Forum Motocykli Yamaha
https://www.motocykl.org/

mało FZS 1000?
https://www.motocykl.org/viewtopic.php?f=20&t=3636
Strona 3 z 5

Autor:  daniello945 [ 2011-09-28 19:31:43 ]
Tytuł:  Re: mało FZS 100?

To i ja wtrącę swoje 3gr jako właściciel kilofazera.
Kupiłem litra ze względu na to że większość mojej jazdy to trasa. Poprzednim moto był bandit 600 i wkurzało mnie kręcenie silnika po obrotach, zrzucanie o dwa - trzy biegi przy wyprzedzaniu nie wspominając o jeździe z plecakiem.
Kilofazą jadąc z pasażerką praktycznie nie widać różnicy w osiągach ani w spalaniu.
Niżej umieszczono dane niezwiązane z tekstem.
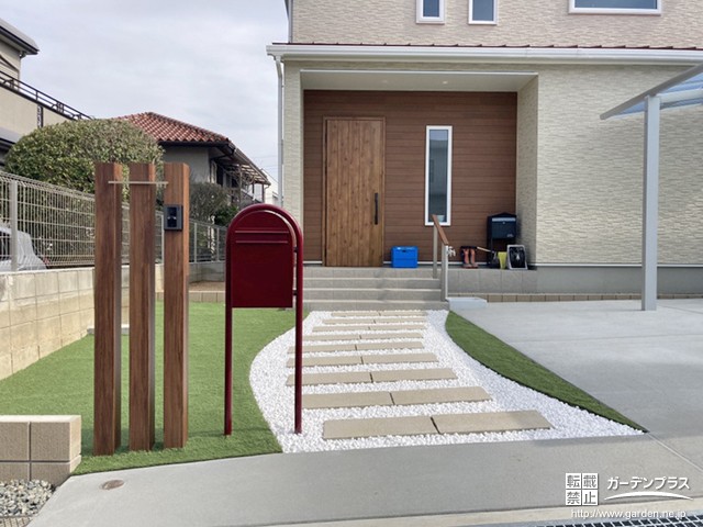 化粧砂利と組み合わせている飛び石にはコンクリート平板を使用し、やわらかなベージュのお色味がナチュラル感をアップさせてくれています。門柱としてアルミ製の木目調角柱にインターホンと表札を取り付け、その横には目を惹く鮮やかな赤色の独立ポストを設置しました。
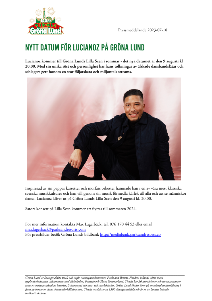 Lucianoz kommer till Gröna Lunds Lilla Scen i sommar - det nya datumet är den 9 augusti kl 20.00. Med sin unika röst och personlighet har hans tolkningar av älskade dansbandslåtar och schlagers gett honom en stor följarskara och miljontals streams.

Jako że z reguły jeżdzimy w kilka maszyn mam porównanie co do spalania i nie przeraża mnie że tysiąc spali 0,5l więcej w stosunku do 600-etki.
Wracając fazerem po jego kupnie byłem w wielkim szoku jak moto przyspiesza na ostatnim biegu - praktycznie przez 200km nie miałem potrzeby redukować biegu (od 60km/h bez problemów moto przyspiesza). Obecnie już przyzwyczaiłem się do tej mocy oraz momentu i coraz częściej przy wyprzedzaniu zrzucam o bieg czy dwa i po prostu się teleportuję :twisted:
Opona tylna kończy się w oczach: starcza na jakieś 6-7tys km.
Co do stwierdzenia że litr jest dla lanserów - popatrz na FZS1000 i powiedz czym tu się lansować? To nie R1 czy GSX-R 1000 ociekający plastikiem i wściekły jak diabli.
Zgodzę się że kupowanie kilofazy jako miejski środek lokomacji to przesada ale on nie powstał z myślą o przemieszczaniu się po miejskiej dżungli tylko do turystyki!
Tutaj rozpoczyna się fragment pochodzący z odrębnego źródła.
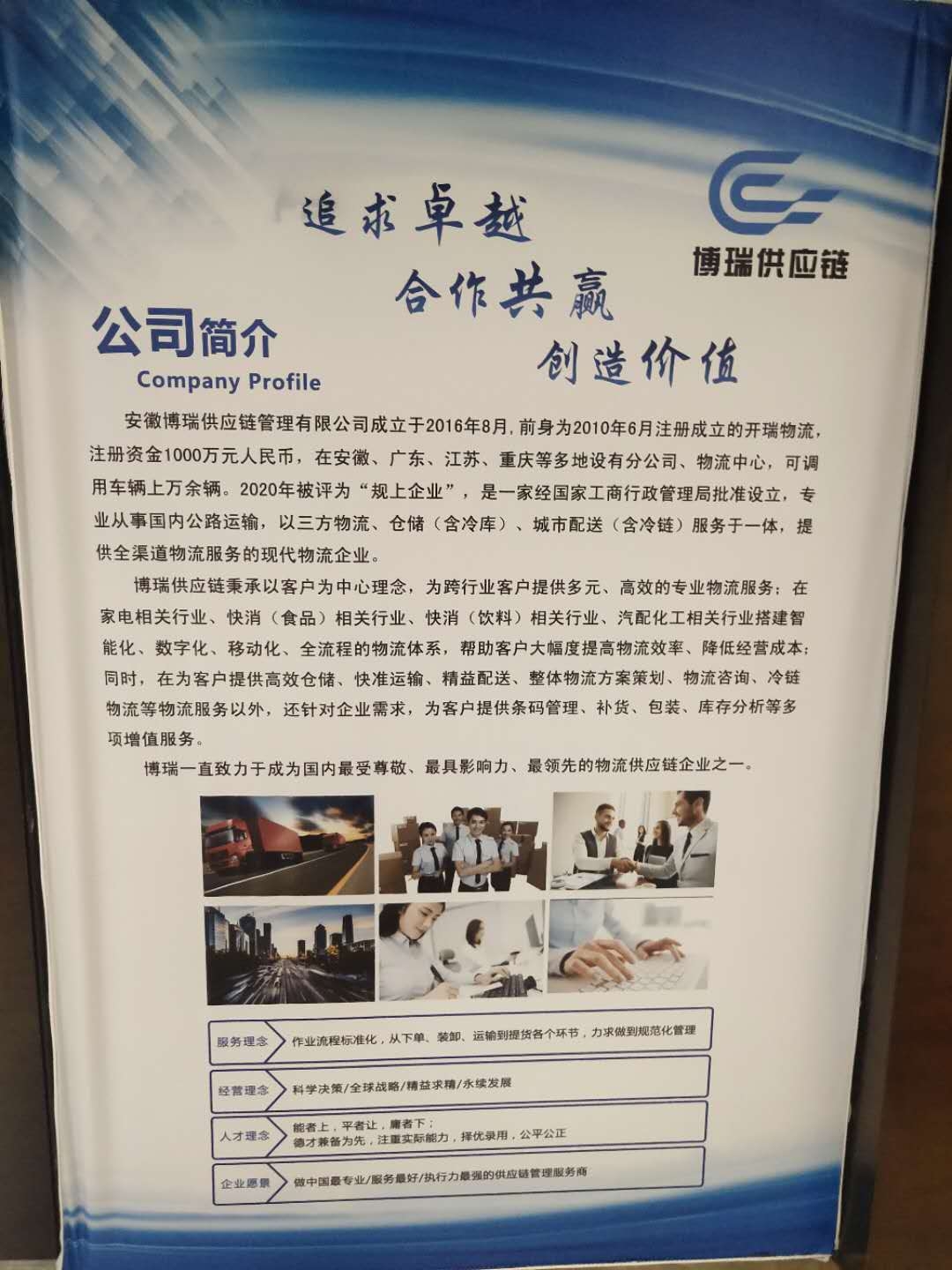 工商登记基本信息 企业名称安徽博瑞供应链管理有限公司 企业法人周菊花 注册资本 万人民币 创立时间2016-08-17 00:00:00 经营状态存续 注册号340100001726580 信用代码91340100MA2MYUEQXG 办公地点临泉路与全椒路交口信地城市广场A座506室 经营范围货物运输代理;普通货物运输;货物装卸,仓储(除危险品);文化艺术交流策划;企业管理咨询及服务;企业形象策划;会务会展服务;办公用品、设备销售及上门维修;食品、生产原材料、日用百货、五金建材、电子产品、通讯器材、家用电器、体育用品销售;国内广告设计、制作、代理、发布;图书批发及零售;工业设备销售及上门维修。(依法须经批准的项目,经相关部门批准后方可开展经营活动)

Autor:  specjal [ 2011-09-28 20:05:40 ]
Tytuł:  Re: mało FZS 100?

Nie mam nic przeciwko 600tkom, ale kocham swojego tysiąca :)
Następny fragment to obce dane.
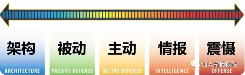 SANS网络安全活动标尺模型将网络安全建设投入及工作方向划分为五个阶段:架构、被动、主动、情报和震慑。

Autor:  mlynkov [ 2011-09-29 00:05:13 ]
Tytuł:  Re: mało FZS 100?

A więc jak już tak zachwalacie kilofazera to ja powiem dlaczego 600-tka, i dlaczego fazer.
Od razu cebra odpada- dlaczego? bo wszyscy mają cebrę, każdy wie co to cbr, taki motocyklowy golf.... a ja lubię się wyróżniać ( nigdy wcześniej nie słyszałem o takim cudzie jak FAZER, choć z tego co widzę to co chwilę widzę gdzieś fazerka, przyznam się nawet że widziałem jednego nawet w filmie dla dorosłych :D)
Po drugie jest to mój pierwszy motocykl.
Po długich poszukiwaniach na motoalledrogo i innych trafiłem na ogłoszenie VFR-ki z 1996 roku, pojechałem, zobaczyłem, przejechałem się i ZAKOCHAŁEM. silnik V-ka po przejechaniu, pierwszy raz po cbf-ce 250 z jazd i egzaminu i cbr-ką sąsiada poprostu się zakochałem, bez obrotów praktycznie przyśpieszenie, dźwięk prawdziwego DIABŁA. Ale no cóż pierwsze moto, porady na forach, znajomych, każdy odradzał, na forum ścigacza zostałem obszczuty jak pies, więc zacząłem rozglądać się za jakąś 500-tką, ale pińcetka jak pińcetka jakieś 48km maks 60, skrzynie zazwyczaj bardzo nieelastyczne, co chwile zmiana biegów, a ja potrzebowałem czegoś żebym mógł wyjechać na autostradę i przejechać kilkaset km z prędkościa 140-160 tak żeby ten silniczek nie wyskoczył po 100km..., więc jednak 600. No i przypadkiem trafiłem na fazera od znajomego znajomego (trochę zawiłe, ale nie wiem jak innaczej napisać) najpierw zdjęcia - bleee, jaki brzydki, jak to moto bez owiewek?, przecież to oszkliwe, ale za radą znajomego poszedłem zobaczyłem... myślę, kurdę przecież on jest 10000000 razy piękniejszy niż na zdjęciach, spodobał mi się i po długim zastanowieniu kupiłem. Teraz z perspektywy czasu nie żałuję że kupiłem 600-tkę, z tego co zauważyłem to gdybym miał 1000 z większym momentem obrotowym to już conajmniej 2 razy bym leżał, bo miałem na winklu już naprawdę zdarzenia na granicy, a i tak raczej często odradza się takie 600-tki osobom zaczynającym, bo wiadomo, często taki żeby poszpanować kończy na drugim drzewie nie daj Boże z młodą dziewczyną zakochaną jako plecaczek.
Nie żałuję że kupiłem 600, bo w mieście się sprawdza, do latania za miasto też jest w porządku a jak mnie ktoś wyprzedza to z chęcią zostawiam mu miejsce, bo szybko nie znaczy lepiej, a moja Yamasia spokojnie daje sobie radę z prędkościami z którymi jeżdże na codzień. Za dwa lata w planach jest VFR-ka, za jakieś 4 może wróce do fazerka ale już 1000, tak więc pozdrawiam wszystkich motocyklistów i tych na 1000 i tych na 125 i każdych innych.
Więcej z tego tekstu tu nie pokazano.